Bu minik plastik parçacıklarının insan sağlığı üzerindeki etkileri hala tam olarak bilinmiyor. Ancak yeni bir araştırma, nanoplastiklerin sadece insanlar için değil, aynı zamanda patojenik (hastalık yapıcı) E. coli bakterileri için de strese neden olabileceğini gösteriyor.

Bu durum kulağa, 'düşmanımın düşmanı dostumdur' gibi gelse de, çalışma durumun o kadar basit olmadığını ortaya koyuyor. Nanoplastikler E. coli'nin hayatta kalmasını belirgin şekilde etkilemedi, ancak biyofilm oluşturma ve genel büyüme gibi diğer özelliklerini etkiledi. Daha da önemlisi, nanoplastiklere maruz kalma, E. coli'yi daha virülan (hastalık yapıcı yeteneği yüksek) hale getirdi.

Araştırmacılar, genellikle gıda zehirlenmesi salgınlarında rol oynayan bilinen bir patojen olan E. coli O157:H7 üzerinde çalıştılar ve en yaygın kullanılan plastik türlerinden biri olan polistirenden nanoplastikler oluşturdular.

Çalışmada, yüzeyi pozitif yüklü nanoplastiklerin, bu E. coli türünde fizyolojik strese neden olma olasılığının daha yüksek olduğu görüldü. Bu stres, bakteride bir savunma tepkisini tetikleyerek, karakteristiği olan hastalık yapıcı kimyasal olan Şiga benzeri toksinden daha fazla üretmesine yol açtı.

Araştırmacılar, bakterilerin negatif yüzey yükü nedeniyle, pozitif yüklü nanoplastiklerden zarar görebileceğinden şüphelendiler. Bunu test etmek için, parçacıklara pozitif, nötr veya negatif yük uyguladıktan sonra bunları E. coli ile bir araya getirdiler.

Pozitif yüklü nanoplastiklere maruz kalan serbest yüzen bakterilerin daha yavaş çoğaldığı ve biyofilm oluşturmada daha yavaş davrandığı da görüldü. Bakteriler için biyofilm halinde bir araya gelmek, koruyucu bir hücre dışı kaplama oluşturmak dahil benzersiz faydalar sağlar.

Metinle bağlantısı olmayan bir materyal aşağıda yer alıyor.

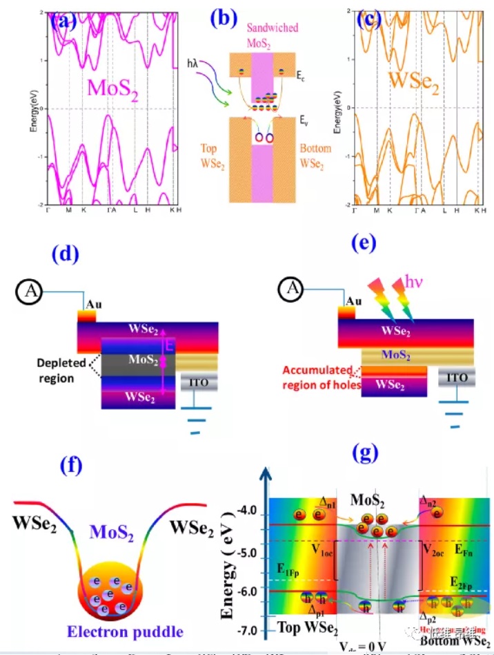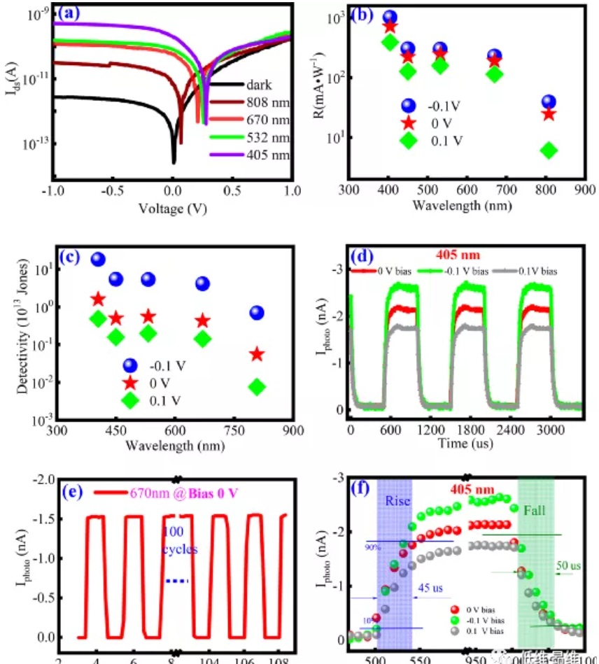 研究背景 由于没有悬挂键和晶格失配,范德华异质结(vdWHs)在下一代功能性电子和光电器件方面表现出了巨大的潜力。在已报道的vdWHs器件中,自供电光电二极管以基于光伏效应的无能量消耗为特征,因其很好地契合下一代光电子纳米器件的迫切需求而受到广泛关注。重要的是,与光电晶体管或光电导体相比,自供电vdWH光电二极管具有光伏能力和快速响应时间。然而,由于缺乏增益,当前的自供电vdWHs光电探测器始终存在低响应率的问题,这限制了极端条件下的应用,例如弱光信号。此外,由于场效应引起的长寿命陷阱状态,这些探测器的响应时间通常在毫秒级。因此,很难在同时拥有快速响应和高灵敏度方面取得平衡。 成果介绍有鉴于此,近日,伟德官网下载苹果版物理学院夏从新教授(通讯作者)和蒋玉荣教授(第一作者)等设计了一种基于WSe2/MoS2/WSe2双vdWHs的光伏场效应光电二极管(PVFED),其中源自一个vdWH的光电压调制另一个vdWH的光电特性。本文提出的光电二极管表现出出色的自供电能力,具有715 mA·W-1的高响应率和45 μs的快速响应时间。这项工作展示了一种通过引入光伏场效应来优化vdWH光电性能的有效方法。文章以“Photovoltaic Field-Effect Photodiodes Based on Double van der Waals Heterojunctions”为题发表在著名期刊ACS Nano上。

Daha önceki çalışmalar serbest yüzen bakteriler üzerindeki etkileri incelemiş olsa da, nanoplastiklerin biyofilimleri nasıl etkilediği hakkında çok az şey biliniyordu.

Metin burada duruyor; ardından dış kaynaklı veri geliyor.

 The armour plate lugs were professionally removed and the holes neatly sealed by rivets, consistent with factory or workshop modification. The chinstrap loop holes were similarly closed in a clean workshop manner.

Biyofilimlerin gerçek dünya koşullarındaki önemi göz önüne alındığında, araştırmacılar bu durumda E. coli'nin nanoplastiklerden nasıl etkilendiğini öğrenmeyi umdular. Bakterilere kolonize olacak bir yüzey verip, bir veya iki hafta biyofilm oluşmasını bekledikten sonra yüklü nanoplastikleri eklediler.

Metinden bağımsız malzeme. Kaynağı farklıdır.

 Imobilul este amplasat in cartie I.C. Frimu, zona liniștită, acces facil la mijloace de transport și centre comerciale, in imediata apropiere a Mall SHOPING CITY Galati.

Biyofilm halindeyken bile, pozitif yüklü nanoplastiklere maruz kaldıklarında bakteriler strese girdi ve ek Şiga benzeri toksin üretti. Ayrıca, pozitif veya negatif yüklü koşullar, virülans genlerinde değişiklikleri etkiledi.

Biyofilmlerin çok sağlam bakteri yapıları olduğunu ve ortadan kaldırılmasının zor olduğunu belirten araştırmacılar, bu tür yapıların tıp endüstrisinde (kateter veya implant gibi eklentilerde oluşarak) ve gıda endüstrisinde büyük sorunlara yol açabildiğini vurguluyor. Çalışmanın amaçlarından biri, gıda yoluyla bulaşan bu insan patojeninin, nanoplastiklerle biyofilm bakış açısından karşılaştığında ne olduğunu görmekti.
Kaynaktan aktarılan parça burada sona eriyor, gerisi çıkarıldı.